Warm up! As with any physical exercise try warming up first. A series of stretching exercises will loosen the joints. Work up gradually by tackling lighter jobs first which don’t require too much bending.
Choose and use your equipment carefully: If you are buying a mower, consider one with an electric starter since pulling a cord requires a jerky, twisting movement which puts a sudden strain on the back.
Long handled spades and forks are worth considering for taller people to reduce the need to bend.
Remember… sharp blades are less effort than blunt ones!
Two-wheeled wheel barrows are advisable since they are less likely to tip sideways. With all models, however, a load placed over the wheel is easiest to handle.
Dress Carefully: Avoid tight jeans since they will restrict your ability to bend your knees and hips whilst lifting.
Kneeling mats or knee pads can also help by reducing strain on these joints.
Wrap up well on cold days to keep your circulation going and your muscles warm.
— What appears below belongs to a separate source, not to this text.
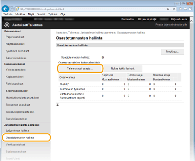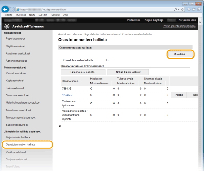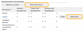[Osastotunnuksien kokonaismäärä]Voit tarkistaa kunkin osastotunnuksen kopioitujen, tulostettujen, skannattujen tai faksattujen sivujen kokonaismäärät.

Gloves also help to grip whilst lifting.
Mind your movements: If you have to bend, don’t stoop but keep your back straight and bend the knees.
Kneeling jobs can be made easier by alternating the weight between one knee and the other, then crouching and finally kneeling on both knees.
Adopt a ‘fencing position’ when hoeing or raking – one foot in front of the other, shifting your weight from the back to the front.
As a general rule, use smooth, controlled movements rather than jerky ones.
If you do feel pain at any time then the golden rule is STOP. Pain is a vital warning sign and should not be ignored. Avoid the temptation to do ‘just that little bit more’.
Warm Down: At the end of your session, admire you blooming handiwork, then run through your warm up routine. Have a hot bath or shower to relax the muscles. An ice pack applied to any pulls or strains will often be soothing. If your pain persists after a few days, you may have caused a significant injury and you should consider getting the appropriate diagnosis and treatment. This is where a visit to the osteopath can greatly help the gardener.